“It” brings the “it factor” to new Stephen King adaptation

Alex Davidson

Staff Writer

“It,” the latest adaptation of Stephen King’s seminal novel, could very easily have fallen flat, coming 27 years after the mini-series that starred Tim Curry as the iconic Pennywise the Dancing Clown.

Luckily, it didn’t, and we now have a great coming-of-age movie with which to traumatize children until the next remake is released.

This film was directed by Andrés Muschietti and stars Bill Skarsgård as Pennywise the Dancing Clown, the demonic entity stalking the town of Derry, Maine.

It’s almost impossible to go into this movie without comparing Skarsgård’s portrayal of the character to Curry’s iconic 1990 version.

One important difference to consider is the fact that Curry was simply playing the character as a psychopath while Skarsgård played it as an actual creepy clown. Instead of being obnoxious, he plays the clown in a subtly creepy way, saying and doing things that aren’t outright terrifying but still feel just off enough that it makes one’s skin crawl.

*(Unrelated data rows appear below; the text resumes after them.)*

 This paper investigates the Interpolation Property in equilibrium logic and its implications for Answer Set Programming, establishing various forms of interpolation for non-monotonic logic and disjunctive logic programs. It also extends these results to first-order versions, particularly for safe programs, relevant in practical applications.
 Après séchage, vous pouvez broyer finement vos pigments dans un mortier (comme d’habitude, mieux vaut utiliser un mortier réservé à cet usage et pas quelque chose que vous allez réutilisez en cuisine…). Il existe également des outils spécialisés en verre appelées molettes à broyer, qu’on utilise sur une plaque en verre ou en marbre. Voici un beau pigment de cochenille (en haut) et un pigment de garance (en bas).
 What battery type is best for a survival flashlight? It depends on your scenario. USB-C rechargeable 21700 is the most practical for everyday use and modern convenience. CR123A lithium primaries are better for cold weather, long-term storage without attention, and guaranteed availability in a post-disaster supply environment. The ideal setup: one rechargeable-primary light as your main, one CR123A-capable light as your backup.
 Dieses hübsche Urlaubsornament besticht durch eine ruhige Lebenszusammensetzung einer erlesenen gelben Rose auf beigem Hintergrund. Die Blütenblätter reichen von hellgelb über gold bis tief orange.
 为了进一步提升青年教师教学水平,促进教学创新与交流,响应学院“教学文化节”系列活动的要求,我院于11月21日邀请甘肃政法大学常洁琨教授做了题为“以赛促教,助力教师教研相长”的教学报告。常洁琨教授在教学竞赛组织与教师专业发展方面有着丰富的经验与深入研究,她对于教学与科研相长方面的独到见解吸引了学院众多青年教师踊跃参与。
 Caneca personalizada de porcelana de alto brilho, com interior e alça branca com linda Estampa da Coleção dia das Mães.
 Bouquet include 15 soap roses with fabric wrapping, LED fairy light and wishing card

Skarsgård wasn’t the only amazing actor in this film, however. The portrayal of Beverly Marsh by Sophia Lillis was incredible. She managed to embody a tough-as-nails girl from the wrong side of the tracks and a smart and sympathetic teammate for the Losers’ Club, the group of children fighting against “It.”

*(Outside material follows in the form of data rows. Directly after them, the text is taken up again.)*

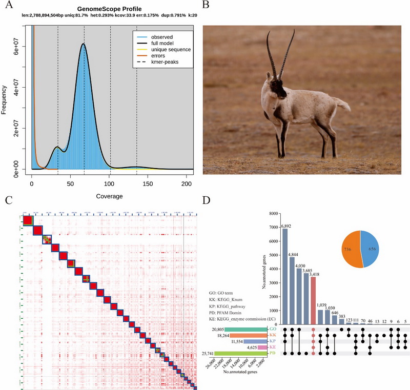 中國科學院西北高原生物研究所動物生態(tài)與資源保護研究團隊聯(lián)合青海大學,基于PacBio HiFi三代基因組測序、Hi-C測序和DNBSEQ-T7二代基因組survey測序三種測序技術,成功組裝了藏羚染色體級別的基因組。結果顯示,藏羚基因組大小為3.1 Gb,Contig N50為84.6 Mb,所有基因掛載到30條染色體上(29 + X),與之前的核型研究一致。數(shù)據(jù)評估顯示,藏羚基因組BUSCO得分為98.2%(S:92.3%,D:5.9%,F(xiàn):0.8%,M:1.0%),平均QV值為70.14,表明組裝的連續(xù)性好,完整度和準確性高?;贓DTA和RepeatModeler從頭預測的藏羚基因組中重復序列注釋結果表明,藏羚基因組重復序列主要由SINEs、LINEs、LTRs 和DNA transposons四種類型組成,序列總長度為1.65 Gb,占基因組的52.47%;基于蛋白同源預測、蛋白從頭預測和深度學習等多種策略,在藏羚基因組上共注釋到28,330個功能基因。綜上,通過多種技術手段,首次獲得了藏羚染色體水平的高質量基因組和注釋信息,為藏羚的適應進化遺傳機制、保護遺傳學研究及進一步探索物種遷徙行為的遺傳機制提供了重要的基因組資源。
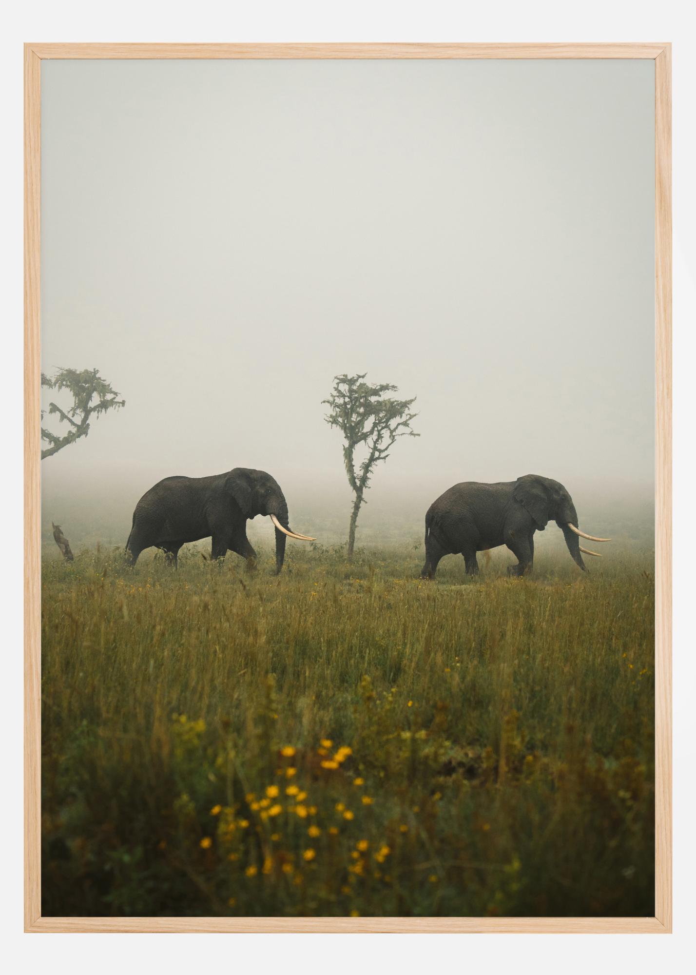 O fotografie de natură a unui cuplu de elefanți care rătăcesc prin iarbă înaltă între copaci sterpi. Ceața densă din fundal creează contraste ascuțite care evidențiază clar animalele mari. Un poster pentru cei care iubesc savana și cei mai mari locuitori ai acesteia!
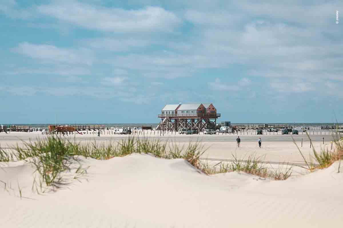 Si se le pregunta a un verdadero frisón del norte, qué caracteriza a Sankt Peter Ording, entonces la respuesta será muy probablemente; una playa infinitamente larga con impresionantes paisajes de dunas, las construcciones sobre pilotes únicas y numerosos kitesurfistas y windsurfistas. A quien le guste eso, está en el lugar correcto.
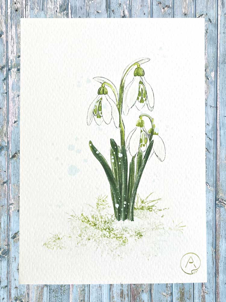 Vintergækken bryder frem, hvor foråret er lige rundt om hjørnet og sneen begynder at smelte. Her står den rank og grøn i den hvide sne, som skildres af det hvide papir.
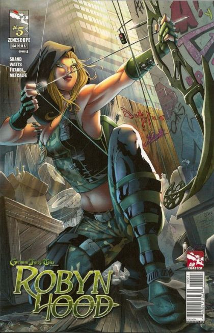 As the rebellion rages on through the city of Bree, everything is on the line for Robyn. Trapped in the fairy tale realm of Myst for over a year, she has become the voice of the revolution and a hero to the people. Everything is on the line as Robyn faces off against the wicked King John and his champion, Guy of Gisbourne, in a battle to the death. Zenescope's epic miniseries comes to a shocking end in this oversize finale, 'Robyn Hood's Death.'
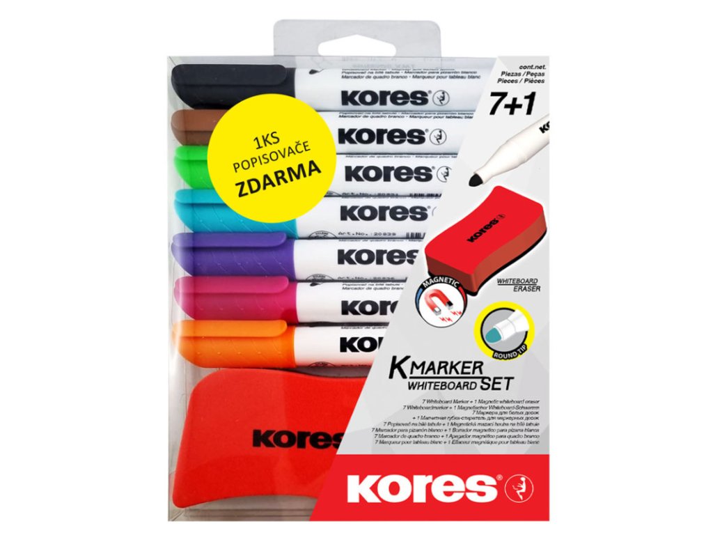 sada obsahuje: 7ks popisovačů na bílé tabule s kulatým hrotem + mazací magnetickou houbičku, popisovač na bílé tabule a flipcharty vysoké kvality, rychle zasychá, vydrží bez víčka až několik dní, může být použit na sklo a jiné neporézní povrchy, snadno smazatelné z bílých tabulí, nezanechává šmouhy, živé a neprůsvitné barvy na všech typech bílých tabulí, 7 barev - černá, růžová, tyrkysová, oranžová, hnědá, fialová, světle zelená, kulatý hrot – 3 mm, magnetická stírací houbička na bílé tabule - ergonomický tvar pro komfortní používání, rozměr: 110 x 55 x 20 mm, vyrobeno v ČRDoplňkové parametry

Even though she wasn’t the biggest character, she certainly was the most interesting and dynamic and watching Lillis embody her so well was incredibly enjoyable. Small things in scenes such as one with her in the drug store early on, emphasize the nuances in the personality of the character, which Lillis brings out better than most young actors are able to.

That’s not to say the other Losers’ Club members weren’t fantastic. Each of them brought something unique to the iconic characters from the novel and truly showed what it’s like to be a kid who feels lost. The only way this movie would work was if these actors sold the idea that they were truly alone and very close to being murdered by “It,” and they do an incredible job.

One thing that could have gone very wrong is if the “Losers” had been written like adults stuck as a group of children, but the writers managed to stay away from that. These are genuine kids, and it’s hard not to like every one of them.

The Losers’ Club aren’t only tormented by “It,” though.

One character that was immensely important was Henry Bowers, the school bully and resident psychopath of Derry, Maine. While the others spend their time trying to defeat “It” and put the string of serial murders behind them, Bowers simply wants to make them suffer.

The writers could easily have softened Bowers from the book version, but instead, they took the character from the book and stuck him directly in the movie. Nicholas Hamilton portrayed the unhinged teenager near perfectly, making one feel as though they were actually watching it happen.

While the characters and their actors were the crux of what made the movie great as a coming-of-age story about children facing their fears and banding together, special attention should be given to the sound design.

It takes special talent to make sound design that truly goes perfectly with a movie and the production team for “It” managed to do it. Every sound that is made in the movie lends itself to the atmosphere.

While the movie is a drama about growing up, this movie is still a horror movie; which begs the question: is “It” scary?

The answer is “yes,” but not for the reasons you would expect. There is plenty of gore and lots of jump scares, both of which are effective in conveying just how twisted the town of Derry can be, but the truly horrifying thing in this movie is the people.

Without spoiling anything, there are some truly horrifying people in Derry who can be almost as disturbing, if not more so, than “It.” While the conventional scares are there, there is much more to the suspense and horror of this film than meets the eye.

Overall, this was a fantastic adaptation of a modern classic with great acting across the board, amazing sound design and quite a few scares. If you’re a fan of scary movies and movies about growing up this is a film that shouldn’t be missed.